Here is the article below.

TATOO ARTIST  

Hand-weaving is instinctual for Irene Bawer-Bimuyag. A master weaver, skilled embroiderer and intuitive designer, Irene embellishes handwoven fabric with embroidered motifs in her colourful collection of blankets and wall hangings. Organic elements – leaves, plants and underwater creatures – are combined with traditional geometric patterns. The textile is her canvas, as she recreates images from her imagination and dreams. “Textiles, for me, are a celebration of life”.

 A backstrap loom is found in nearly every home in Mabilong, Irene’s village. This is the ancestral land of the Kalinga indigenous people, Irene’s community, nestled in mountainous Kalinga Province, on the Philippine island of Luzon.

Weaving skills and patterns are passed by oral tradition through the generations. Textiles connect Kalinga families to their deep-rooted cultural heritage. Costumes and ceremonial blankets are hand-woven for blessings and festivals to celebrate their ancestors and honour life, from birth to death. Clothes are also woven, and in more recent years, cloth has been made into souvenirs. “I feel lucky to be from this rich culture,” explains Irene, whose Kalinga name is ‘Lin-awa’. 

Weaving and embroidery designs are sacred, they’re learnt by heart. Each colour and design combination has a distinct meaning and is stuck to rigidly. Except by Irene. Her family have watched in amazement, as she transformed the ancient craft into a new artform. In adulthood, Irene explored worlds beyond her own. She travelled across the Philippine islands, to India and Canada. It is this thirst for new experiences, while fully expressing her Kalinga identity, that feeds the creative process.

A third-generation weaver, Irene is the youngest of eight children. Her sisters and mother, Maria Bawer, continue to develop the craft and train younger girls in the village. 15 families now work with Irene, weaving cloth for her collections. She communicates her ideas to the girls, who follow instructions for patterns and colours for the warp and weft. The designs live in her mind, they’re never put down on paper.

Strikingly beautiful, Irene’s arms are intricately tattooed, from shoulder to wrist. Tattoo body art has always existed in the community. “It's the highest expression of being a Kalinga woman,” Irene explains defiantly. And while it’s commonplace today not to get tattooed, it felt important for Irene to connect with her ancestry. Whang-od, famously coined ‘the oldest Kalinga tattoo artist’, is now in her 90s. She produced Irene’s body art using the ancient, arduous method of piercing and inking the skin with a thorn.

Bawer-Bimuyag created a textile series dedicated to tattoos. She embroidered patterns, which all hold cultural significance for Kalinga people, onto the cloth, from the geometric designs of a rice bundle and a hexagonal turtle’s back to the outline of a python.

The Philippines is formed of more than 7,000 islands.
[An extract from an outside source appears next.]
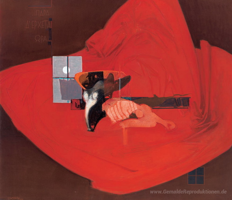Wir bieten Ihnen eine handgefertigte Reproduktion auf Leinwand des berühmten Kunstwerks 'Trotz vierten Stunde kommt' von Alekos Kontopoulos , aus dem Reproduktionsmuseum.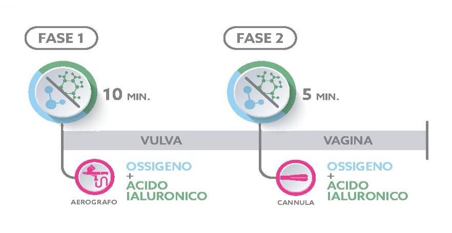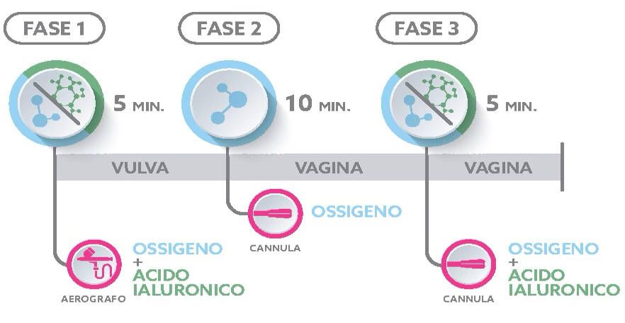 Per i primi 10 minuti si eroga ossigeno sulla vulva tramite nebulizzazione (da effettuare a 2 mm dalla vulva) con acido ialuronico a basso peso molecolare (3ml). Per i successivi 5 minuti si eroga ossigeno combinato con acido ialuronico in vagina (12ml).

Over 100 indigenous communities live across the archipelago, each with a distinct dialect and textile heritage. Habi The Philippines Textile Council and its annual Manila-based Habi Fair, supports and promotes indigenous weavers and has helped hand-woven textiles to find value and prominence again. There has also been a growing interest from Filipino people to connect with their pre-colonial culture and textiles are so central to this history.  

 Irene has built a strong client base of collectors through Habi. The Council also aims to extend the production and supply of locally grown cotton to weavers. In Kalinga Province, they would once have woven with cotton and naturally dyed thread, but as cotton farming died out, and imported cotton became expensive, it was replaced by chemically dyed rayon. Though Irene hopes to weave in pure cotton once again.

In just a generation or two, life for the Kalinga community has changed beyond recognition. They wear western dress in everyday life, and Mabilong village continues to sustain itself through weaving only for festivals and ceremonies, alongside rice farming. But hand-weaving is being appreciated by new generations in the Philippines, which will help to sustain the practice. And creative mavericks like Irene Bawer-Bimuyag, demonstrate that it’s possible to reinvent tradition.